_Supplied material_
⁂

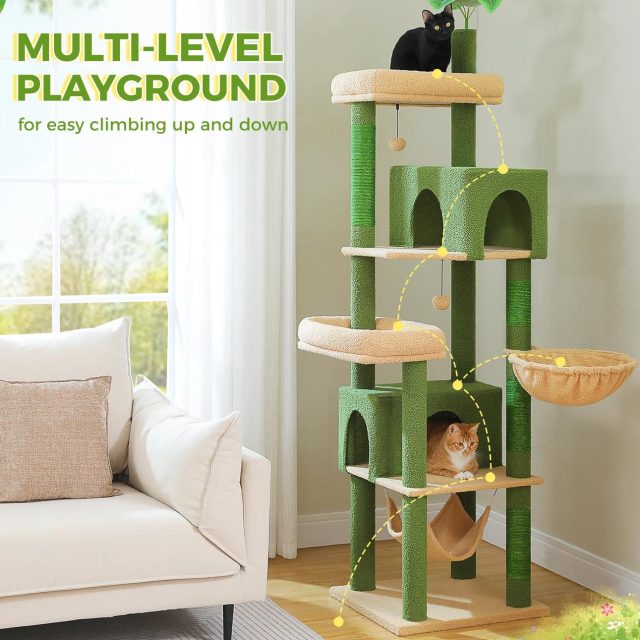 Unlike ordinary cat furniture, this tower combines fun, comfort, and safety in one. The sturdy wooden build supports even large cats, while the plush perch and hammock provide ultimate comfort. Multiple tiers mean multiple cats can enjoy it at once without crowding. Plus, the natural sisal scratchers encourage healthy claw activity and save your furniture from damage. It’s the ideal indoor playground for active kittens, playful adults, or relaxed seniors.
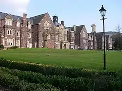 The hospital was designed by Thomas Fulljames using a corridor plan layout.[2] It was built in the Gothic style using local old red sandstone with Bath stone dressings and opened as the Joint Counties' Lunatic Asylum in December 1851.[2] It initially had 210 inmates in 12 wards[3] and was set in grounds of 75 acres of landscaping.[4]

⁂

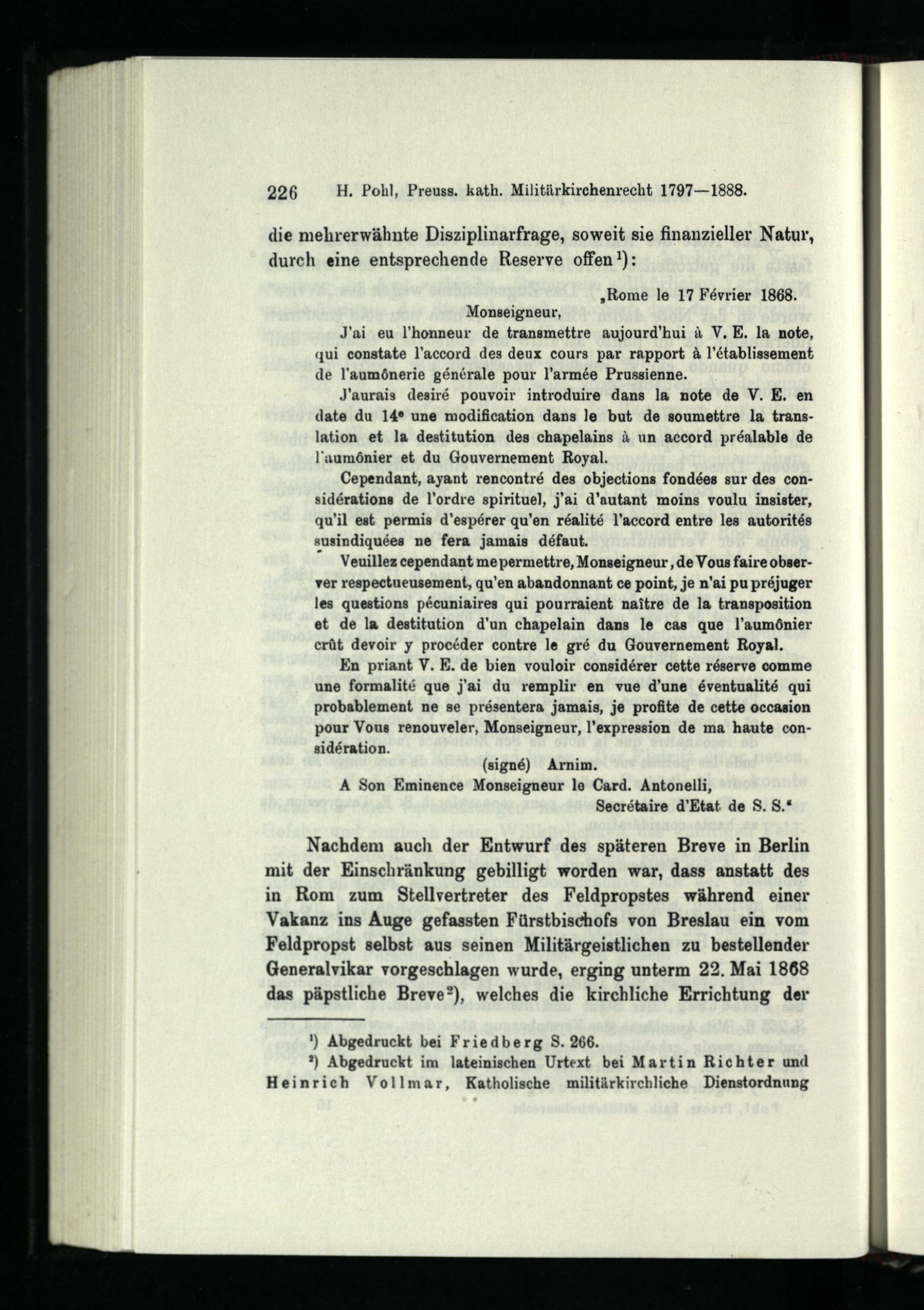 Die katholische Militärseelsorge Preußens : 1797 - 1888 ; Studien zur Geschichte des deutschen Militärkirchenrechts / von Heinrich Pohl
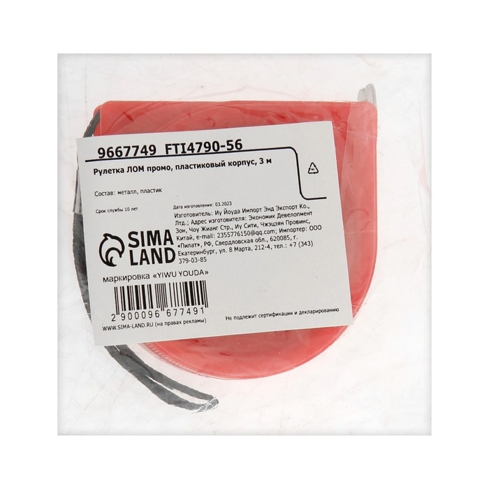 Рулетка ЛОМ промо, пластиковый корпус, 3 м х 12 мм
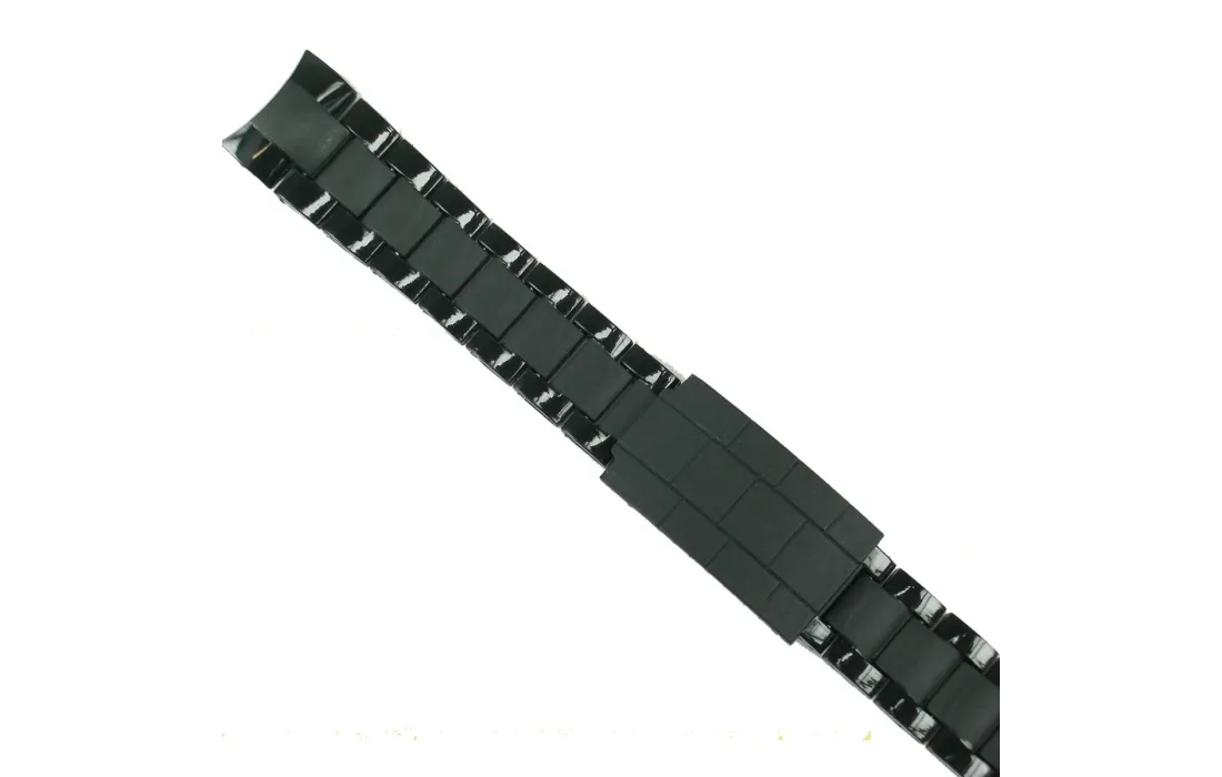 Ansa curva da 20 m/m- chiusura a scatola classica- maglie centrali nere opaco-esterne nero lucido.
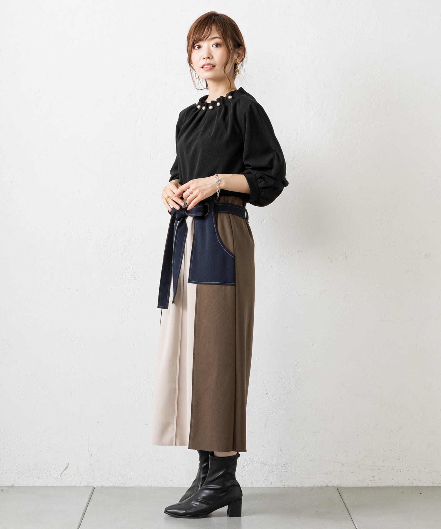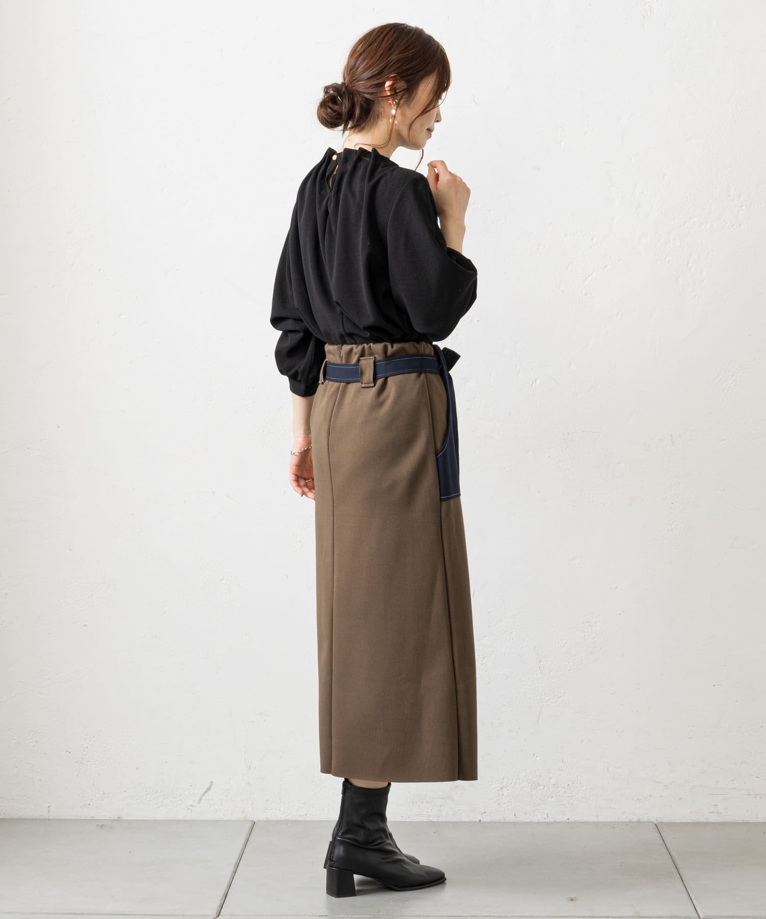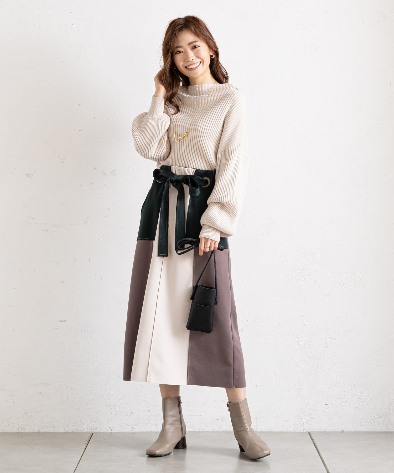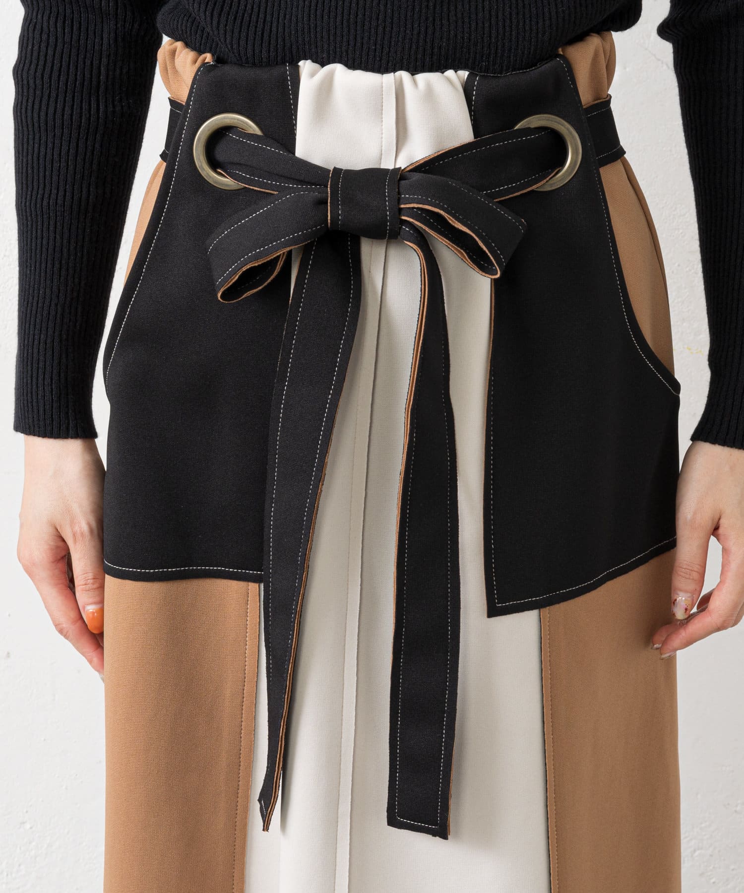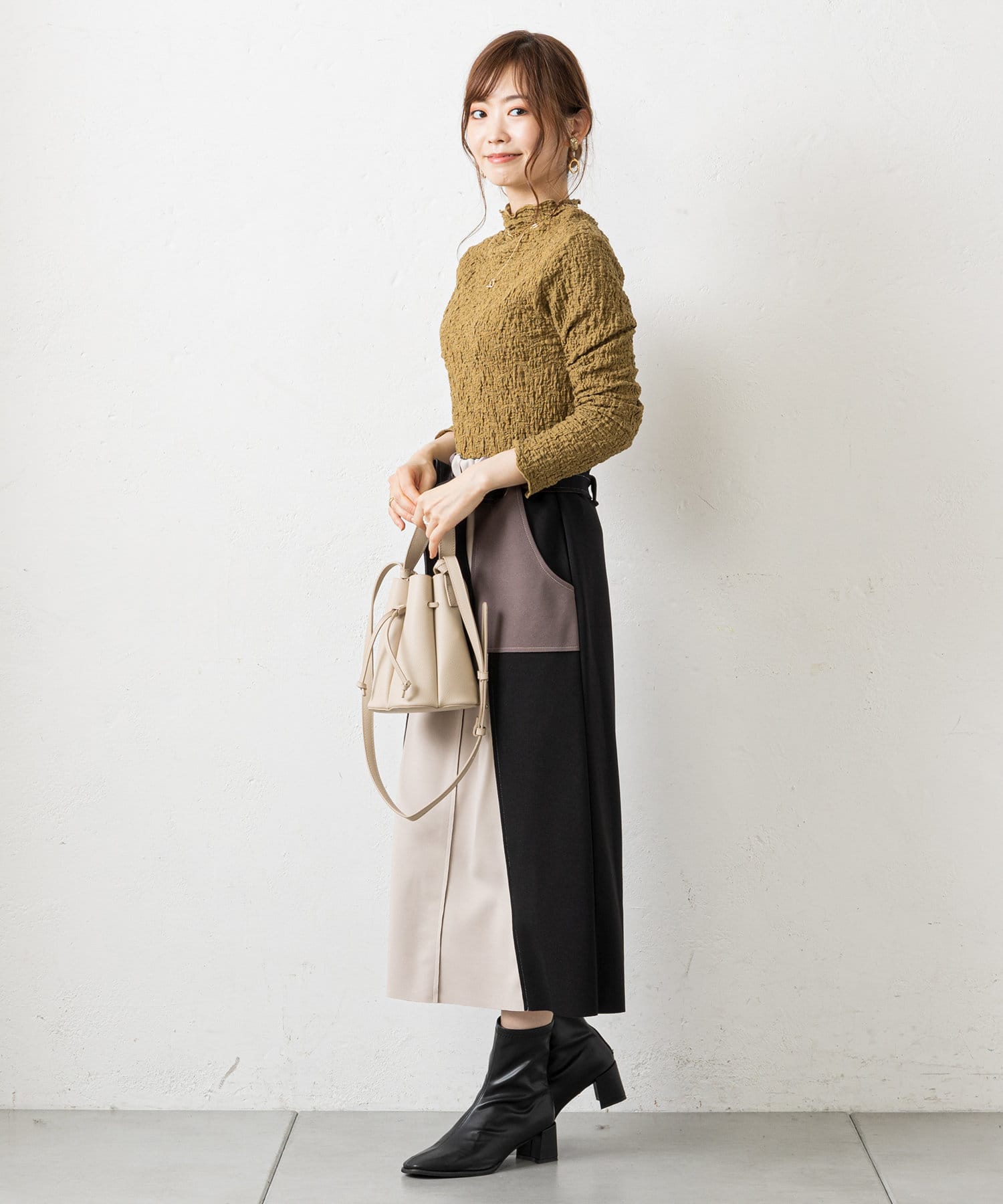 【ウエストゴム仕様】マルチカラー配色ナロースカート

⁂

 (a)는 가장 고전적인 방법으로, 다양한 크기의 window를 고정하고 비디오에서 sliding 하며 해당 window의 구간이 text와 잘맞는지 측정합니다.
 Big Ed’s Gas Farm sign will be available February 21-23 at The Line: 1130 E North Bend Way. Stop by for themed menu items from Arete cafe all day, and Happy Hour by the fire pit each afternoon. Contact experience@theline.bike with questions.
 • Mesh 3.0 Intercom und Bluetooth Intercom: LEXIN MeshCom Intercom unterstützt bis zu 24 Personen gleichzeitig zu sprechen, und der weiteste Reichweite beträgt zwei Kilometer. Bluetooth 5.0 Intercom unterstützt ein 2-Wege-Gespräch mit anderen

⁂

From the entries above, copy exactly the lines starting at the one with "Unlike ordinary cat" and stopping at the one with "The hospital was", keeping both ends. Drop the pictures.

 Unlike ordinary cat furniture, this tower combines fun, comfort, and safety in one. The sturdy wooden build supports even large cats, while the plush perch and hammock provide ultimate comfort. Multiple tiers mean multiple cats can enjoy it at once without crowding. Plus, the natural sisal scratchers encourage healthy claw activity and save your furniture from damage. It’s the ideal indoor playground for active kittens, playful adults, or relaxed seniors.
 The hospital was designed by Thomas Fulljames using a corridor plan layout.[2] It was built in the Gothic style using local old red sandstone with Bath stone dressings and opened as the Joint Counties' Lunatic Asylum in December 1851.[2] It initially had 210 inmates in 12 wards[3] and was set in grounds of 75 acres of landscaping.[4]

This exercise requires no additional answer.